In its 126-year history, Sears grew to become the country's biggest retailer and outlasted Chicago competitors like Carson Pirie Scott, Montgomery Ward and Wieboldt's. Its future now hinges on a bankruptcy auction scheduled to start Monday.

Edward Lampert, chairman and former CEO of Hoffman Estates-based Sears Holdings Corp., is trying to buy the retailer with a plan to keep it in business and keep up to 50,000 workers employed. Lampert's hedge fund, ESL Investments, sweetened its offer for Sears this week, bringing the total value of its proposal to more than $5 billion.

But some of Sears' creditors are skeptical of ESL, and it's not yet known how the hedge fund's proposal stacks up against other offers for the company's assets.

If Lampert's plan fails, Sears could face liquidation - the end of the road for an iconic American company, at least as consumers know it.

Here's what you need to know ahead of the bankruptcy auction on Monday.

Q: Sears used to be the country's biggest retailer. What happened?

A: Online shopping is part of the story, but Sears' challenges go back decades. It was slow to react to new competition from discount chains and specialty stores and to changes in shopping habits, including a shift away from suburban shopping malls. Lampert was accused of focusing on cost-cutting at the expense of investing in stores. He insisted the company was working to turn itself into a smaller but profitable retailer.

As time went on, Sears kept shrinking - closing hundreds of stores and getting rid of more than 60 percent of its employees in less than three years. But it also continued losing money, racking up more than $11 billion in losses since 2011.

Q: The company planned to reorganize in bankruptcy. Why is it now at risk of shutting down?

A: It's possible ESL won't emerge as the winning bidder, and it's not clear whether the company has any other offers from buyers who want to save, rather than liquidate, Sears. An attorney representing Sears creditors told the U.S. Bankruptcy Court at a hearing Tuesday in New York that it continues to have "significant concerns" about ESL's bid.

The concerns creditors have about ESL's bid have to deal, in part, with financial dealings between Lampert, ESL and Sears. The creditors say those transactions "may be part of an extended pattern of conduct that served to benefit certain (insider) equity holders," according to court filings. ESL denied those allegations.

Q: What are the potential outcomes?

A: Lampert's ESL has said it will strive to keep Sears in business if it wins the bid. But even if the company liquidates, the Sears Home Services business or brands like Kenmore and DieHard could live on. ESL also has said it would bid on some pieces of the business individually. It's also possible that someone could buy Sears' intellectual property and try to bring the brand back online or in bricks-and-mortar stores.

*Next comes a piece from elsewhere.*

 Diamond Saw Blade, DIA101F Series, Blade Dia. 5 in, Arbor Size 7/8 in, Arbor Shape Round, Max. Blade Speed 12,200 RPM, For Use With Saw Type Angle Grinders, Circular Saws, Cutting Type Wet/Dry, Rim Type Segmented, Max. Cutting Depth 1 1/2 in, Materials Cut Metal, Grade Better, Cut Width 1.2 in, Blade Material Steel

Q: Will more stores close?

A: Sears has already closed or announced plans to close 262 Sears and Kmart stores by late March. Lampert's ESL has said it wants to buy the remaining 425 stores in the bankruptcy auction, though it could change its bid or decide to close more stores after buying the company. If Lampert's push to keep the company alive fails, the fate of the stores will depend who ends up buying Sears' assets.

Q: What will happen to Sears' employees?

A: If Lampert wins the bankruptcy auction and keeps Sears in business, his fund has said it expects to employ up to 50,000 people. If Sears goes out of business, those jobs would disappear. The company said it had 68,000 employees, including 32,000 full-time workers, when it filed for bankruptcy in October.

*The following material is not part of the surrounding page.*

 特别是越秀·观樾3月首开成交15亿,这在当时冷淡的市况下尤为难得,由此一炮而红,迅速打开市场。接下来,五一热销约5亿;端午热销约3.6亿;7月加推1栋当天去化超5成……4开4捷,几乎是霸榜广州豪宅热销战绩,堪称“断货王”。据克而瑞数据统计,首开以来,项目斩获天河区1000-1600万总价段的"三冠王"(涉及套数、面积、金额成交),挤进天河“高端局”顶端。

Q: If there's a chance to keep stores open and workers on the job, why wouldn't the court automatically choose that option?

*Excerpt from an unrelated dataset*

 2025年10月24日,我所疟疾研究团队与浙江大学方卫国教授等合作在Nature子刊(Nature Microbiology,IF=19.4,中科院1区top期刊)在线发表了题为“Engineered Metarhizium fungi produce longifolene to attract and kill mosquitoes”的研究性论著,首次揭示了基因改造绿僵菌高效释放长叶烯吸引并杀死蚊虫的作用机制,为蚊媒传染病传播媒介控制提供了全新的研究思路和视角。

A: Bankruptcy courts would generally rather not liquidate a company that has a chance of succeeding after exiting bankruptcy. But the priority is recovering as much of the money the company owes as possible, and the judge could decide it would be better to sell the remaining assets immediately to pay back the company's lenders.

Q: What happens next?

A: Sears will aim to notify the Bankruptcy Court of the auction results by Wednesday, according to a timeline approved by the court. Other parties have eight days to challenge the outcome in court. Ultimately, a judge has to approve the sale of Sears' assets, a decision expected in the coming weeks.